I am looking at the proof of the following theorem and I have some questions.

The theorem is the following:

On the assumption that all permutations of a sequence of $n$ elements are equally likely to appear as input, any decision tree that sorts $n$ elements has an expected depth of at least $\log n!$.
The proof is the following:

Let $D(T)$ be the sum of the depths of the leaves of a binary rtee $T$.

Let $D(m)$ be the smallest value of $D(T)$ taken over all binary trees $T$ with $m$ leaves.

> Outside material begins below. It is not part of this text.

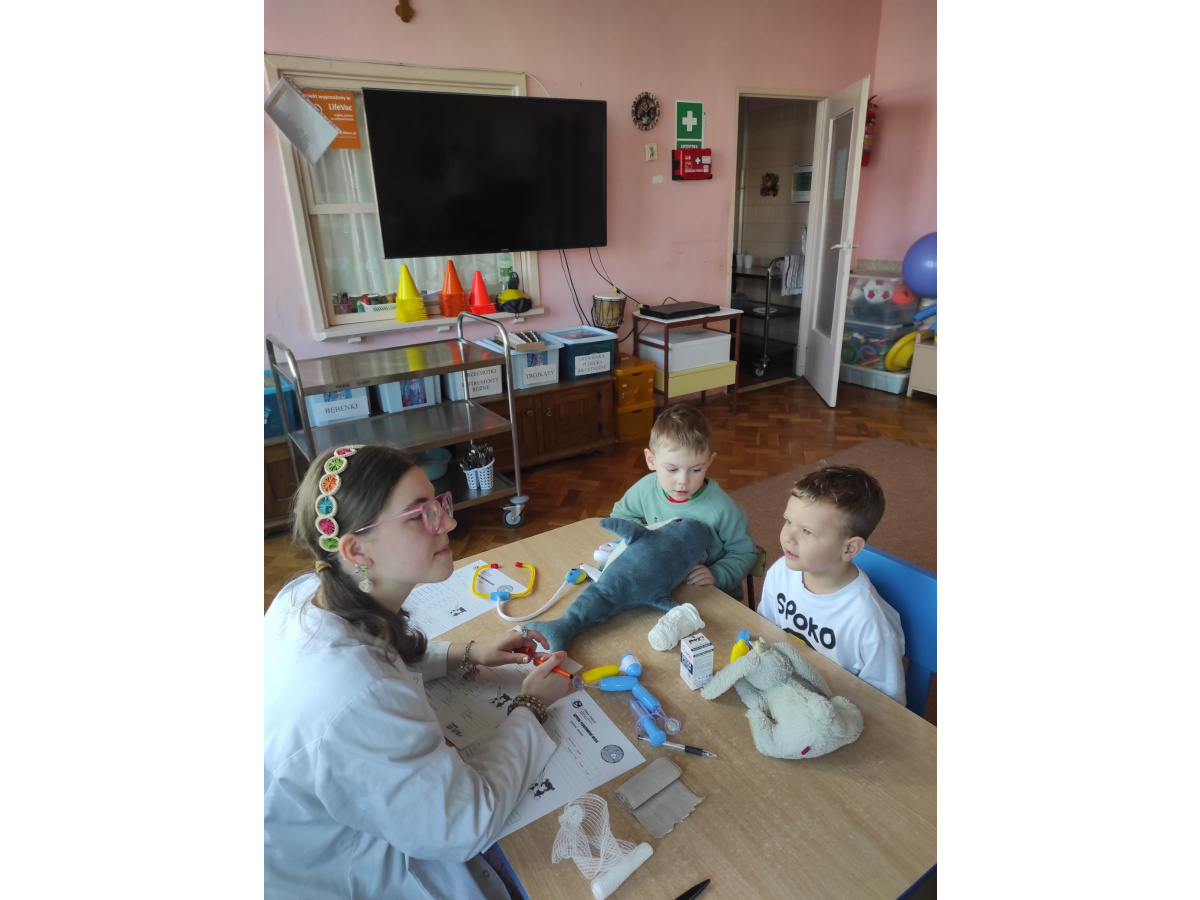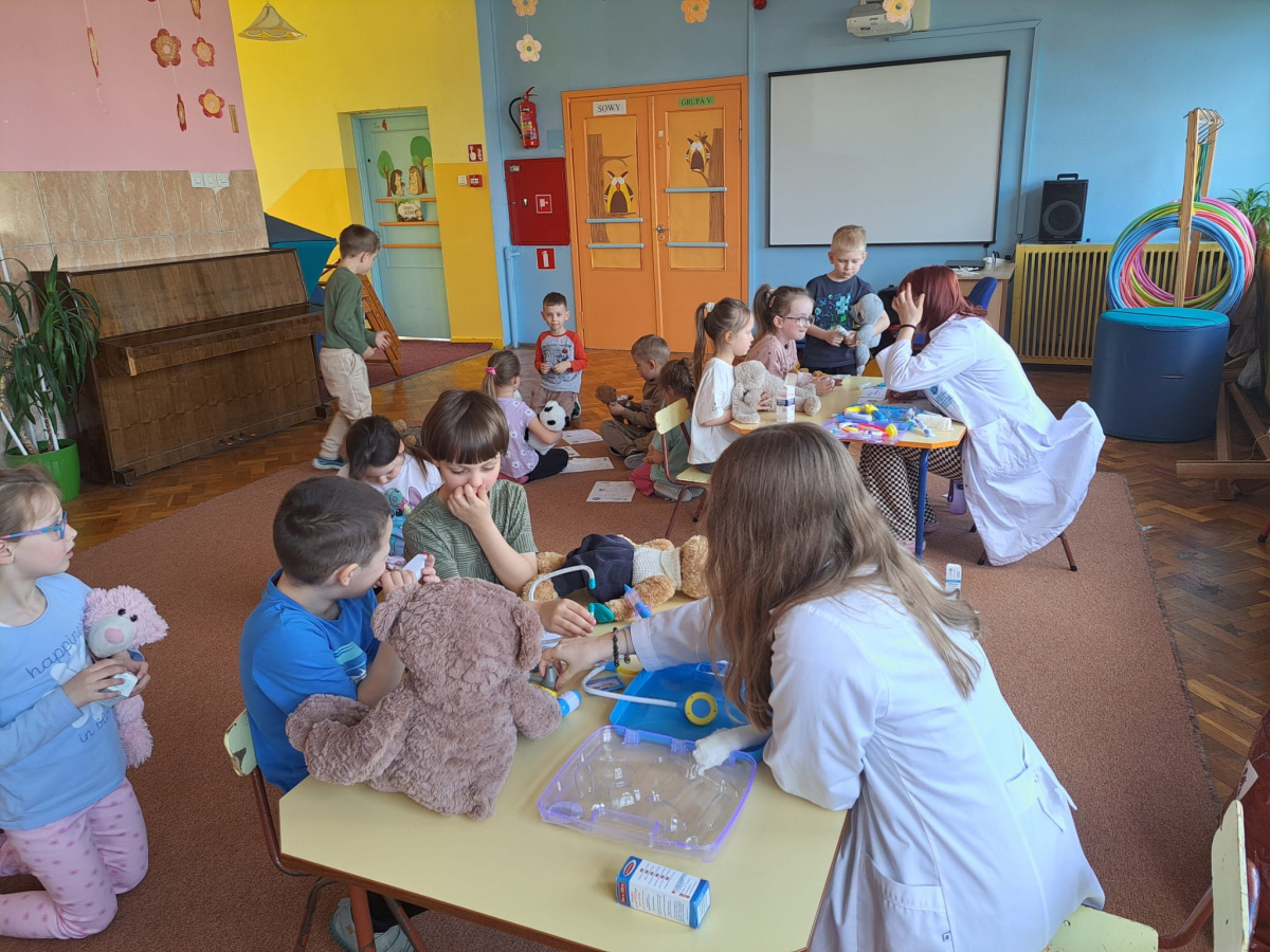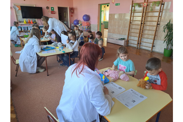 W naszym Przedszkolu odbyła się akcja "Szpital Pluszowego Misia", prowadzona przez Międzynarodowe Stowarzyszenie Studentów Mecycyny IFMSA Bydgoszcz. Akcja miała na celu przełamanie barier przez dzieci w kontakcie z lekarzem.

We shall show, by induction on $m$, that $D(m) \geq m \log m$.

The basis, $m=1$, is trivial.

Now, assume the inductive hypothesis is true for all values of $m$ less than $k$.

Consider a decision tree $T$ with $k$ leaves.

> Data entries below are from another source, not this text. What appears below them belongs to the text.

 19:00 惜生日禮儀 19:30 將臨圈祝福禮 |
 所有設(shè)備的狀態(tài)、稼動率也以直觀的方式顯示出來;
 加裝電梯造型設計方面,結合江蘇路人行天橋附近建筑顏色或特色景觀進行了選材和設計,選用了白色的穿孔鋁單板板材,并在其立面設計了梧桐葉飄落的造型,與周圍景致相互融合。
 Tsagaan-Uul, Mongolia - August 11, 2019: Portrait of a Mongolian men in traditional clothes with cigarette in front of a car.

$T$ consists of a root having a left subtree $T_{i}$ with $i$ leaves and a right subtree $T_{k-i}$ with $k-i$ leaves for some $i$, $1 \leq i \leq k$.

Clearly, $$D(T)=i+D(T_{i})+(k-i)+D(T_{k-i})$$

Therefore, the minimum sum is given by $$D(k)=MIN_{1 \leq i \leq k} [k+D(i)+D(k-i)] \ \ \ \ (*)$$

Invoking the inductive hypothesis, we obtain from $(*)$ $$D(k) \geq k+MIN_{1 \leq i \leq k} [i \log i+(k-i \log (k-i)]$$

It is easy to show that the minimum occurs at $i=k/2$. Thus $$D(k) \geq k+k \log \frac{K}{2}=k \log k$$

We conclude that $D(m) \geq m \log m$ for all $m \geq 1$.

Now we claim that a decision tree $T$ sorting $n$ random elements has at least $n!$ leaves.

Moreover, exactly $n!$ leaves will have probability $1/n!$ each, and the remaining leaves will have probability zero.

We may remove from $T$ all vertices that are ancestors only of leaves of probability zero, without changing the expected depth of $T$.

We are thus left with a tree $T'$ having $n!$ leaves each of probability $1/n!$.

Since $D(T') \geq n! \log n!$, the expected depth of $T'$ (and hence of$T$) is at least $(1/n!)n! \log n!=\log n!$.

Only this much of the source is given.